It seems like some of the more challenging things to do on an ASA involve some sort of traffic being redirected out the same interface it was received on. This article addresses the requirement for spoke to hub to spoke communication for LAN to LAN VPNs. This is less efficient and should not be used when there are massive amounts of traffic between to spokes. However if your design requires fewer peers, a more compact configuration and you prefer a simple solution, this article can help you achieve those goals.
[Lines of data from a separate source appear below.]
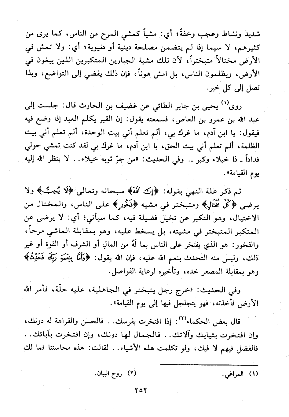 قال بعض الحكماء (¬2): إذا افتخرت بفرسك .. فالحسن والفراهة له دونك، وإن افتخرت بثيابك وآلاتك .. فالجمال لها دونك، وإن افتخرت بآبائك .. فالفضل فيهم لا فيك، ولو تكلمت هذه الأشياء .. لقالت: هذه محاسننا فما لك
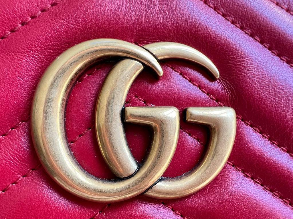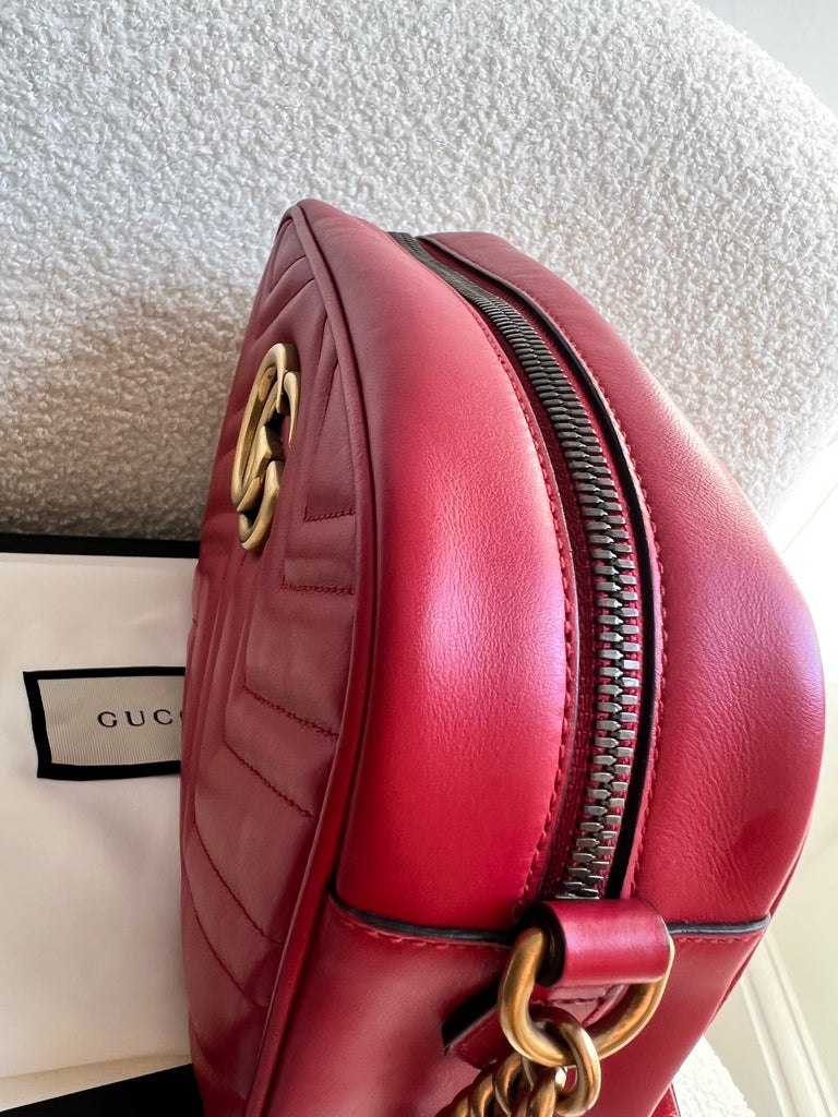 Gucci GG Marmont small shoulder bag in hibiscus red chevron matelassé leather with gold hardware. This small Marmont chain camera style bag has a softly structured shape and zip top closure. Effortlessly chic and sophisticated, this style can be worn both with a casual outfit or for evening wear. Suitable for both day to day or occasion wear and ideal for those who prefer a cross body option.
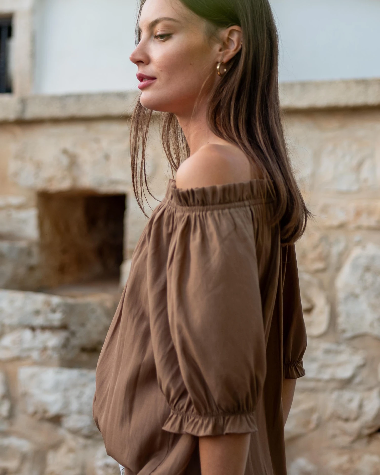 The top you’ve been looking for – flirty, fun, silky, fem-fem. Featuring a playful ruffle neckline in a relaxed yet flattering silhouette, the Ibiza Blouse captures carefree elegance. Based on our best selling Tulum top, the Ibiza has a more modern and clean design with the same amazing material. Made to pair with denim, shorts, or the matching Ibiza Pants as a stylish ensemble, this top can be worn on the shoulders or off for a slightly more exotic look.
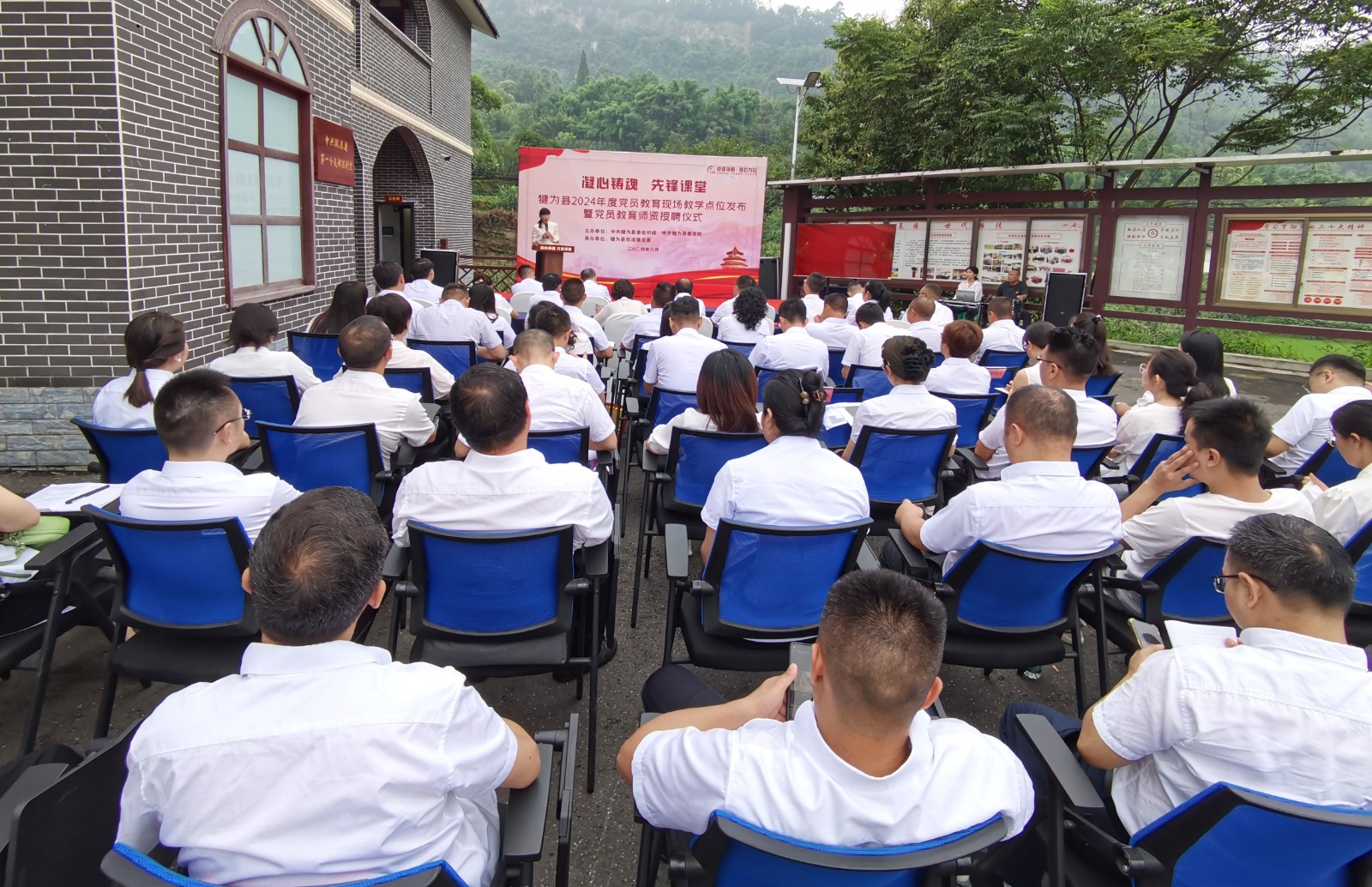 6月25日上午,犍为县党员教育现场教学点位发布暨党员教育师资授聘仪式在小市村“中共犍为县第一个支部陈列室”举行,嘉阳煤矿等13个单位获犍为县首批党员教育现场教学点授牌,沈忱等57人被纳入犍为县党员教育师资库。

Although this article specifically addresses the LAN to LAN VPN type, the methods used here can work with other types of VPNs as well (e.g. Anyconnect and IPSec Remote Access).
Before we get deep into the configuration, I wanted to go over the diagram of my network and explain the initial configuration.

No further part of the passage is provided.